AI exposure methodology
  • The app starts with the major's CIP code, maps it to occupations using the official NCES/BLS CIP 2020 to SOC 2018 crosswalk, and then looks up each occupation's AIOE score.
  • AIOE is an AI exposure index, not a literal probability of job loss. The displayed value should be interpreted as relative exposure within the dataset, not as a forecasted percent chance of displacement.
  • Occupation scores are min-max normalized to a `0..100` scale and then averaged with equal weight across the matched occupations for that major.
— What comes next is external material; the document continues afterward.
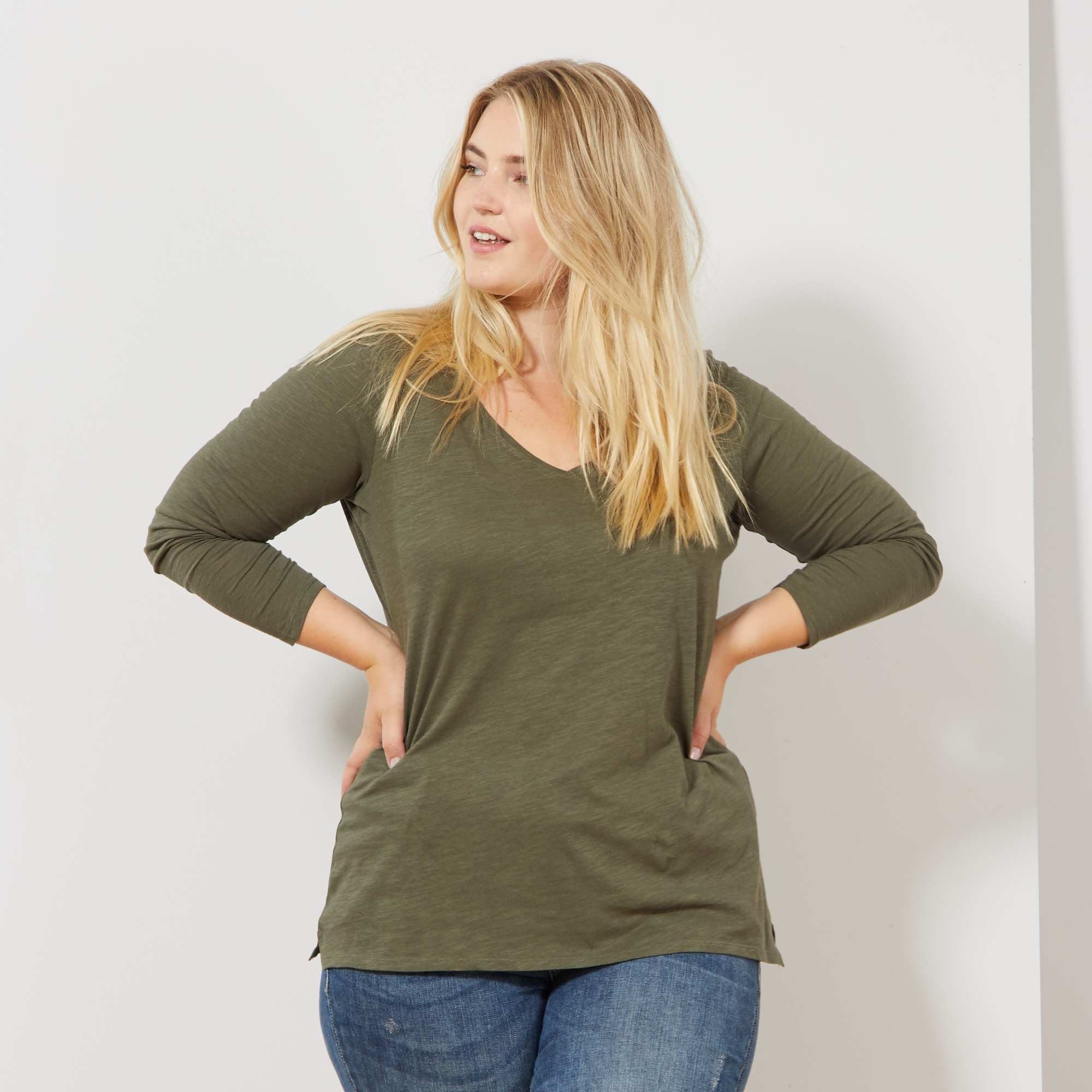 Camiseta de manga larga con cuello de pico: un básico muy favorecedor.

  • Matching uses a fallback hierarchy: exact CIP match first, then a canonicalized CIP match for legacy/irregular major codes, then a broader CIP-family fallback when a narrower official match is unavailable.
  • Confidence labels reflect that hierarchy: `High` for exact matches, `Medium` for canonicalized matches, and `Low` for broad fallback matches.
Missing data will be shown as “Data not available” rather than filled or guessed.

Data sources

Sources used here include College Scorecard for tuition and salary data, the NCES/BLS CIP 2020 to SOC 2018 crosswalk for major-to-occupation mapping, NCES Digest Table 505.50 for broad-field in-field employment likelihood, and Felten, Raj, and Seamans' AIOE appendix for occupation-level AI exposure.